▶ _EXERCISE AIM_: If a picture appears, leave it out, and reproduce exactly the lines from the start of the listing below through the one bearing "Переложите закуску в".

▶ _THE DATA_:
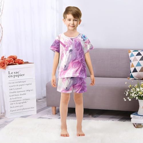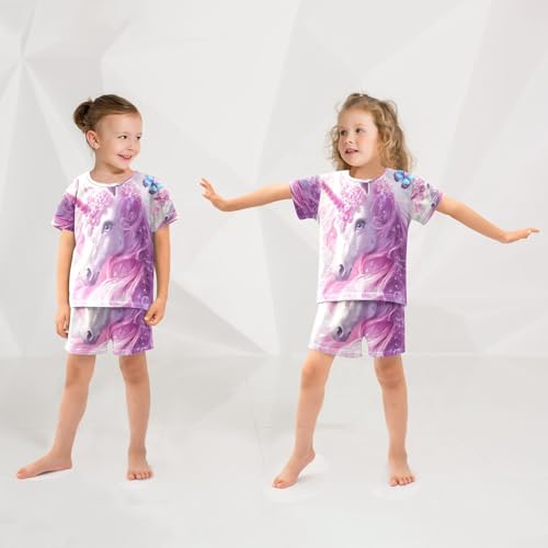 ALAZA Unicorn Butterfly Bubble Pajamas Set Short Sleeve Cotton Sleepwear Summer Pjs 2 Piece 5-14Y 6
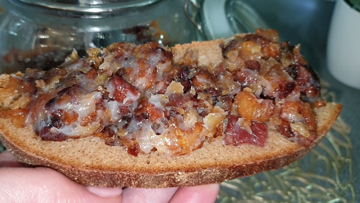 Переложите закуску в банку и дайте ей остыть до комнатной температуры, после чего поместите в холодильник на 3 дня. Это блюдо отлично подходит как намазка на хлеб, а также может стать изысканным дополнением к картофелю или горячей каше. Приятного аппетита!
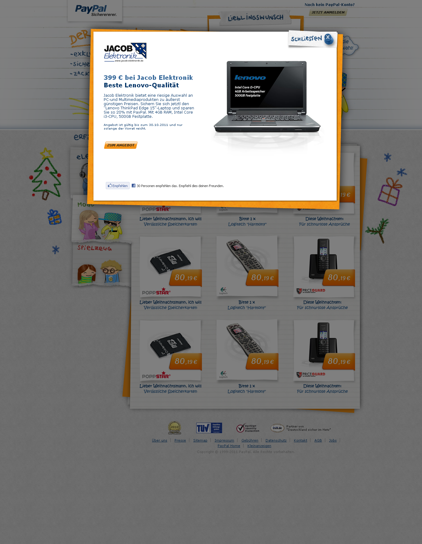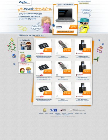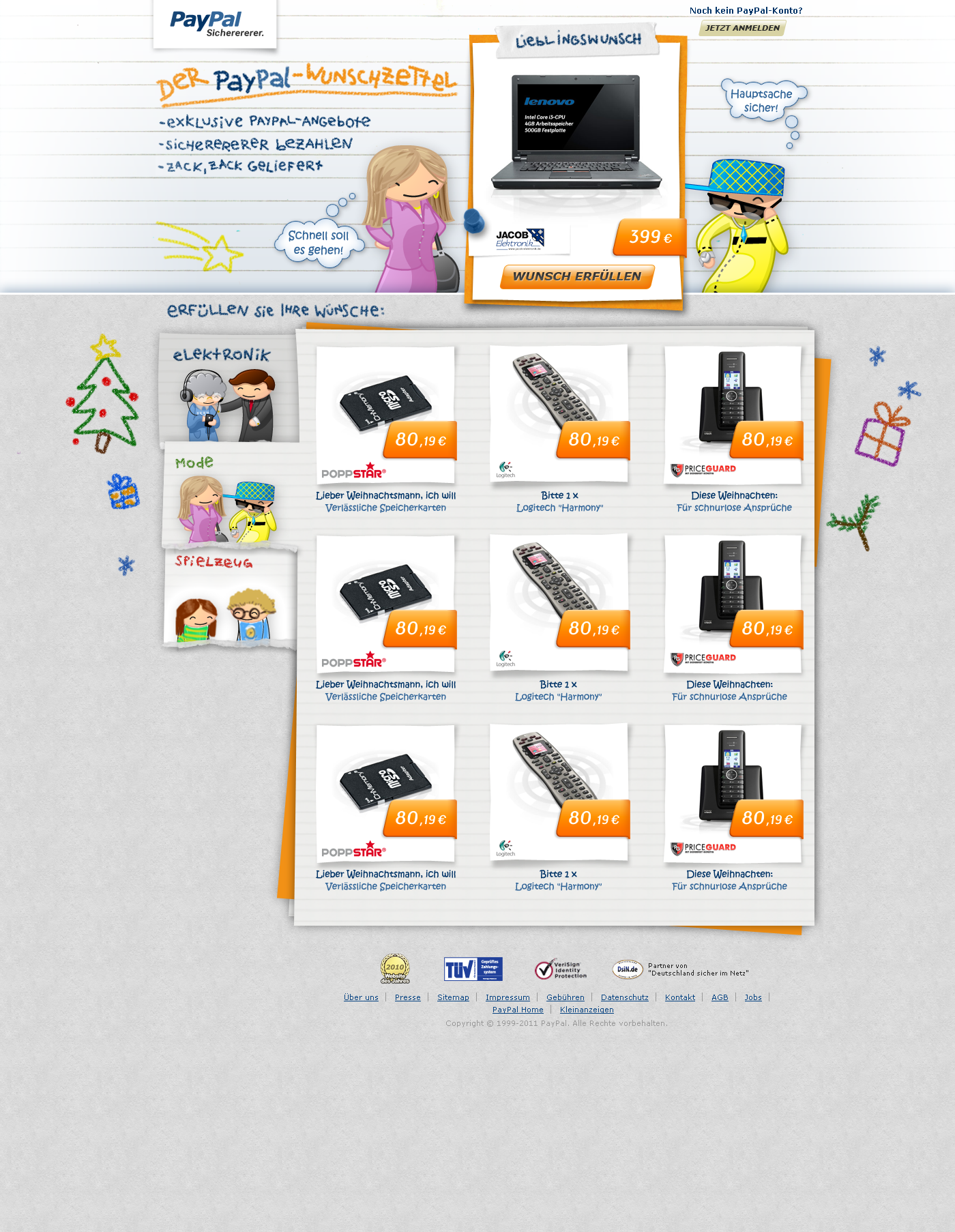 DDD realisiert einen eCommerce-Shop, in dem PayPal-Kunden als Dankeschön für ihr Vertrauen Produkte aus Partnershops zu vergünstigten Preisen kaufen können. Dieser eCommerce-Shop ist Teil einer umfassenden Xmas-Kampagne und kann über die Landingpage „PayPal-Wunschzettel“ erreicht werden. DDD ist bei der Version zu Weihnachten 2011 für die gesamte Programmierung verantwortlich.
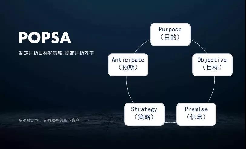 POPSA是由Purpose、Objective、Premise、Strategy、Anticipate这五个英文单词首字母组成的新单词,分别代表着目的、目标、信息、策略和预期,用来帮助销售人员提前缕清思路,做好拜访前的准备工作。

▶ _EXPECTED ANSWER_:
 ALAZA Unicorn Butterfly Bubble Pajamas Set Short Sleeve Cotton Sleepwear Summer Pjs 2 Piece 5-14Y 6
 Переложите закуску в банку и дайте ей остыть до комнатной температуры, после чего поместите в холодильник на 3 дня. Это блюдо отлично подходит как намазка на хлеб, а также может стать изысканным дополнением к картофелю или горячей каше. Приятного аппетита!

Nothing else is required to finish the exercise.